Sunday, 26 July 2015

Why Coins Matter

Bearing in mind the efforts of German, US and UK dealers to try and get antiquities collectors to sign up in large numbers to a petition saying effectively "we do not mind buying dodgy stuff, no due diligence for us please", it is worth returning to the article published on SAFE a while ago, in which our colleague explains how he stopped collecting coins because he recognized the damage the market does: Nathan Elkins, 'Why coins matter: Trafficking in undocumented and illegally exported ancient coins in the North American marketplace', SAFE Corner 8th August 2008. He's since been personally attacked for this, but in seven years no dealer or collector has offered a word of refutation of the basic truths this text contains.

Vignette: Collectables or historical source


Cultural Property Observer said...

You have neglected my article in the ANS Magazine that responds to such claims and makes concrete proposals to address the real issues:

Paul Barford said...

Mr Tompa, I am sorry but it seems you have not the foggiest idea what is required of a text to be an answer to what Professor Elkins presented. Your ANS article is a lobbyist's "defence of the hobby" and not an actual answer to Elkins' original article (indeed apparently makes no explicit reference to it).
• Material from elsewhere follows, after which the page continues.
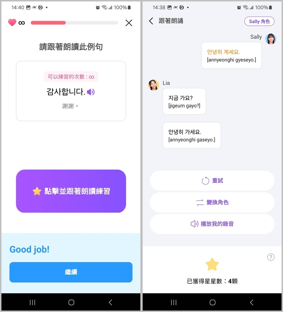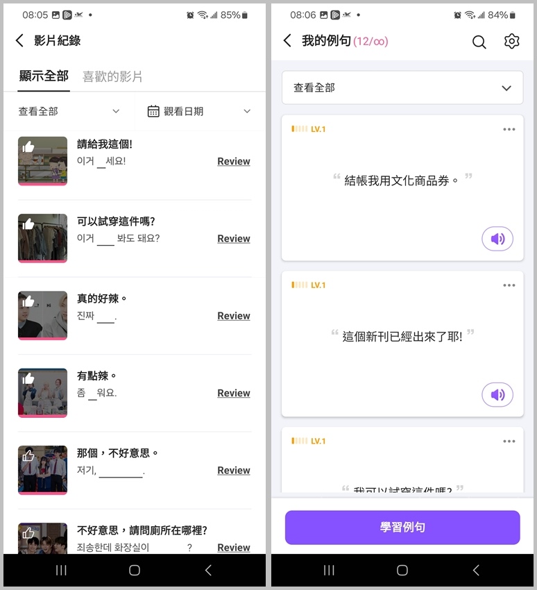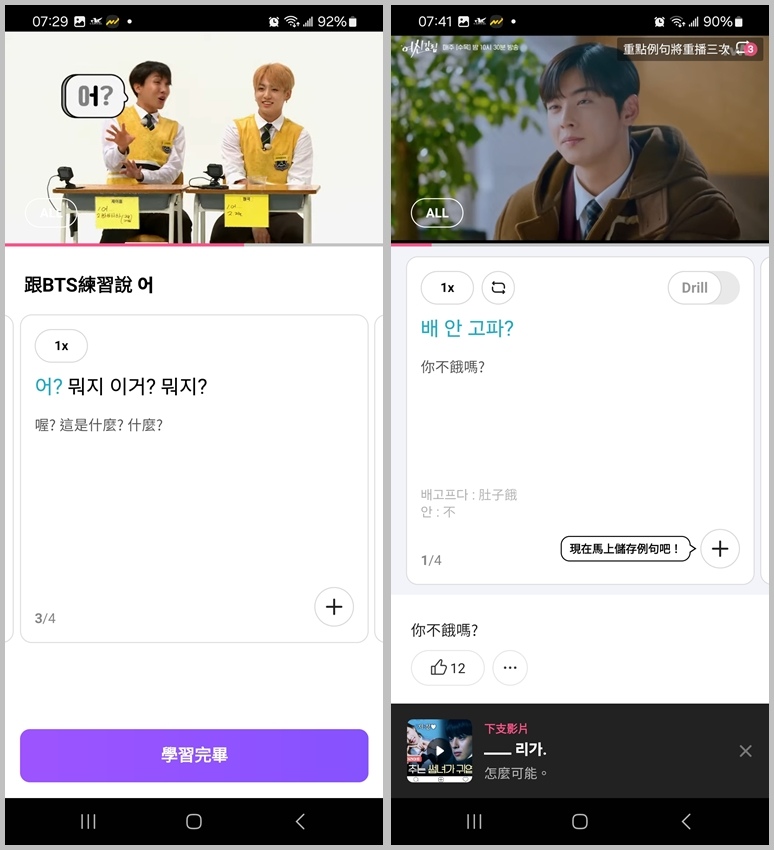課程影片和口說朗讀都是讓韓文更精進的神助手,看一看影片就不小心把韓文學起來了,這種沉浸式的快樂學習果然超級有效耶! 真的好喜歡Cake上萬則的Youtube、韓劇、韓綜、動畫和老師示範的教學影片,可以學到最道地的英文實用會話用法,連文法都有唷,這種結合趣味和資訊的學習方式,真的是教科書沒法比的,也比其他類似的韓文app內容更多元化,想跟BTS練習說韓文,或跟韓劇中的歐巴歐膩一起溜韓語,在Cake裡都找得到!
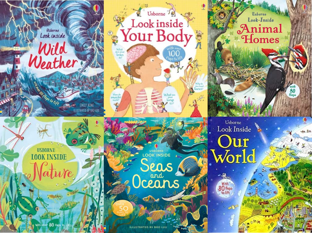 It's including: 1. Look Inside Wild Weather 2. Look Inside Your Body 3. Look Inside Animal Homes 4. Look Inside Nature 5. Look Inside Seas and Oceans 6. Look Inside Our World

I find it utterly pathetic that your "concrete proposals" in your superficial ANS article are in complete contrast to what you gave just a few days ago as the justification of signing an anti-due-diligence petition because it is "impossible" for German collectors (you mean dealers, don't you?) to do what you said to the ANS was necessary. I suggest you get your ideas sorted out before you try to tell others what's what Mr Tompa. At the moment your pursuit of the IAPN dollar seems to have addled your thinking (I use the term loosely).

By the way it must be galling to see that, although Ms Kampmann gave the actual details of what the proposed new law contains with none of the alarmist made-up stuff that US lobbyists use, the response has been astronomically higher than anything you as a lobbyist could ever achieve in the US despite the population being so much higher. Perhaps it is time for you to change tactics, try the plain truth in place of sky-is-falling nonsense and personal attacks. It is at least a lot more dignified.

Cultural Property Observer said...

Thank you for your views. Of course, the ANS did not think my article "superficial" and I am grateful for them publishing it. As for the German legislation, I linked to the NY Times article about it which detailed the draconian nature of it. Enough said. And, good for the German dealers getting collectors engaged. I would note, however, that this is a petition, which is far easier to sign than navigating the website. Also, import restrictions limit supply in the US and this proposal if it goes through unchanged will ultimately impact the ability of Germans to sell their collections. The real issue is that this German proposal was designed behind closed doors only consulting anti-trade archaeologists apparently. I suspect if the commercially reasonable suggestions I proposed in my article were adopted instead, there would be no outcry.

Paul Barford said...

"Of course, the ANS did not think my article "superficial" ..."
of course, coineys. It is nevertheless not an answer to what Elkins wrote.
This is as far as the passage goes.